■ RECORDS PROVIDED
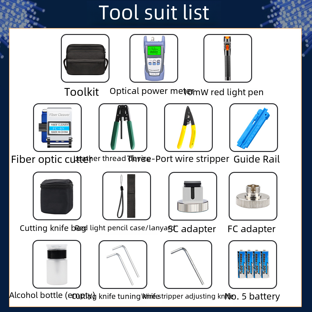 | nameOriginal | Optical fiber tool kit package fusion splicer cold Splice Kit toolbox Miller pliers optical power meter red light pen cutter |
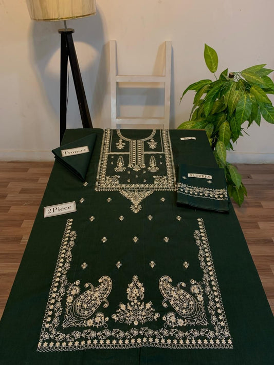 Embroidered 2Pc Dhanak Unstitched Winter Dress With EMB Patches - W610
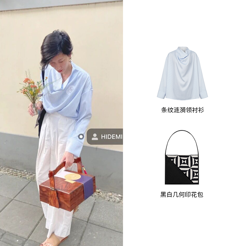 HIDEMI 夏日清透深海蓝色织竖条纹套装 口袋衬衫/喇叭型宽松长裤
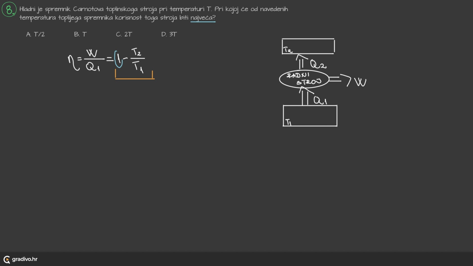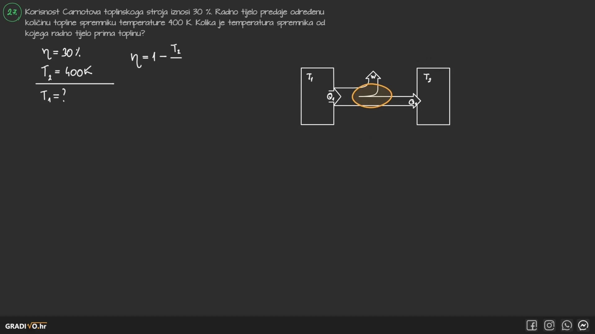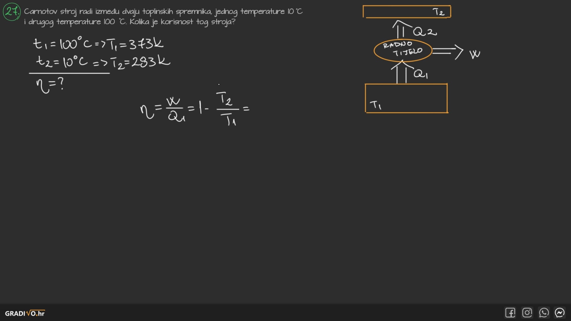 Korisnost toplinskog stroja definiramo kao omjer obavljenog rada \(W\) i primljene topline \(Q_1: \)
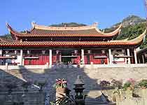 大雄宝殿是涌泉寺的核心。殿中间有三尊释迦牟尼塑像称为“三世佛”,表示过去、现在和未来佛,塑于明朝天启元年。佛像造形细腻,慈眉善目,十分传神,身披唐代服装,金碧辉煌。

■ TASK
Repeat the records in full, precisely, and keep the pictures out.

■ RESPONSE TO THIS EXERCISE
 | nameOriginal | Optical fiber tool kit package fusion splicer cold Splice Kit toolbox Miller pliers optical power meter red light pen cutter |
 Embroidered 2Pc Dhanak Unstitched Winter Dress With EMB Patches - W610
 HIDEMI 夏日清透深海蓝色织竖条纹套装 口袋衬衫/喇叭型宽松长裤
 Korisnost toplinskog stroja definiramo kao omjer obavljenog rada \(W\) i primljene topline \(Q_1: \)
 大雄宝殿是涌泉寺的核心。殿中间有三尊释迦牟尼塑像称为“三世佛”,表示过去、现在和未来佛,塑于明朝天启元年。佛像造形细腻,慈眉善目,十分传神,身披唐代服装,金碧辉煌。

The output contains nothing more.